Input data START

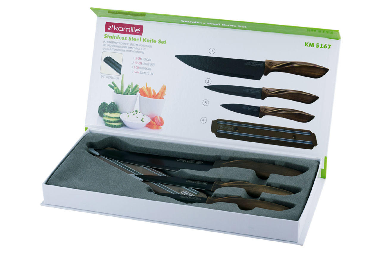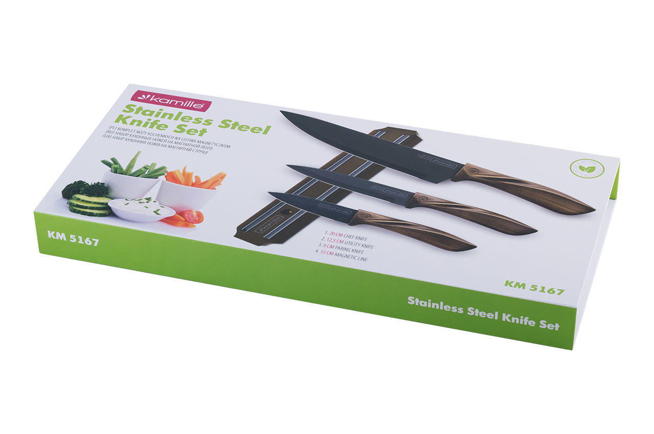 Набор кухонных ножей создан по наиболее современным и модным технологиям и тенденциям. Он вызовет восторг даже у самого требовательного покупателя. Набор кухонных ножей станет украшением Вашей кухни и придаст неповторимость Вашему интерьеру.
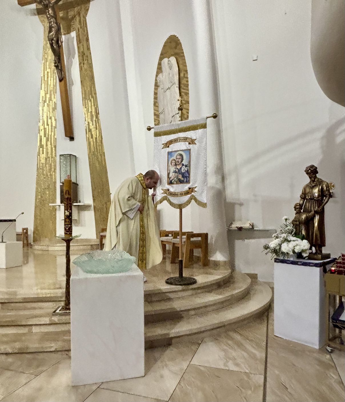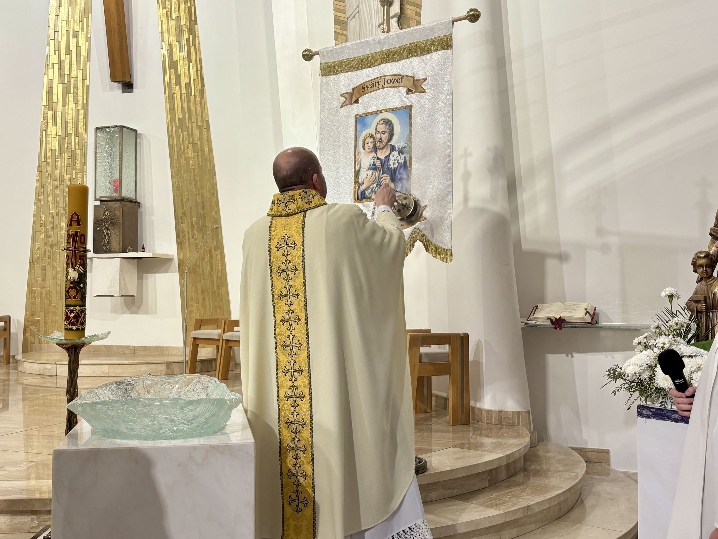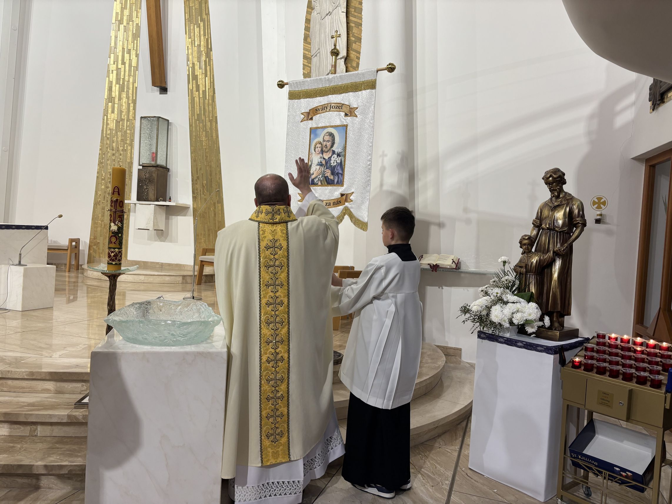 K soche sv. Jozefa robotníka s malým Ježišom pribudla aj nová svätenina, zástava s vyobrazením sv. Jozefa a prosbou: Svätý Jozef oroduj za nás. Nech sú tieto symboly nielen pre mužov ale aj všetkých nás posilou vo viere a znakom úcty k tomuto veľkému svätcovi.
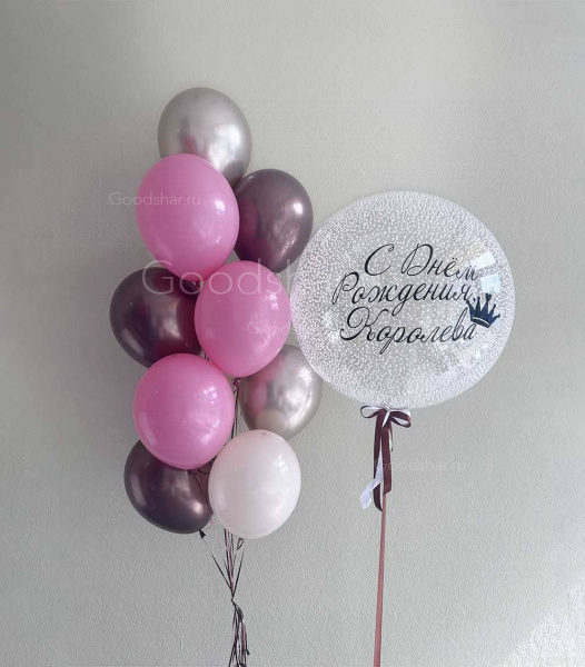 Утончённая композиция, вдохновлённая красотой и элегантностью орхидеи. В центре внимания — прозрачный баблс-гигант с индивидуальной надписью и наполнением, который хранит самые тёплые слова. Объёмный фонтан создаёт гармоничное обрамление: розовые и белые латексные шары добавляют нежности, серебряные хромовые дарят благородное сияние, а тёмно-фиолетовые придают глубину и загадочность. Идеальный выбор для дня рождения, юбилея или подарка для женщины с безупречным вкусом.
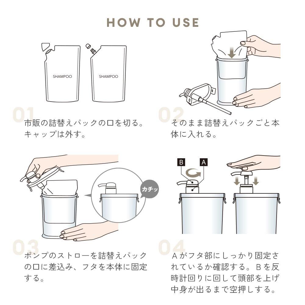 【詰替え簡単ディスペンサー】シャンプーなどの詰替えに便利なディスペンサー。詰替えパックがそのまま入るから、面倒な補充も手間いらず簡単!

Input data END

**Work to be completed:**
Return the listing above verbatim and exclude every picture.

**Final answer:**
 Набор кухонных ножей создан по наиболее современным и модным технологиям и тенденциям. Он вызовет восторг даже у самого требовательного покупателя. Набор кухонных ножей станет украшением Вашей кухни и придаст неповторимость Вашему интерьеру.
 K soche sv. Jozefa robotníka s malým Ježišom pribudla aj nová svätenina, zástava s vyobrazením sv. Jozefa a prosbou: Svätý Jozef oroduj za nás. Nech sú tieto symboly nielen pre mužov ale aj všetkých nás posilou vo viere a znakom úcty k tomuto veľkému svätcovi.
 Утончённая композиция, вдохновлённая красотой и элегантностью орхидеи. В центре внимания — прозрачный баблс-гигант с индивидуальной надписью и наполнением, который хранит самые тёплые слова. Объёмный фонтан создаёт гармоничное обрамление: розовые и белые латексные шары добавляют нежности, серебряные хромовые дарят благородное сияние, а тёмно-фиолетовые придают глубину и загадочность. Идеальный выбор для дня рождения, юбилея или подарка для женщины с безупречным вкусом.
 【詰替え簡単ディスペンサー】シャンプーなどの詰替えに便利なディスペンサー。詰替えパックがそのまま入るから、面倒な補充も手間いらず簡単!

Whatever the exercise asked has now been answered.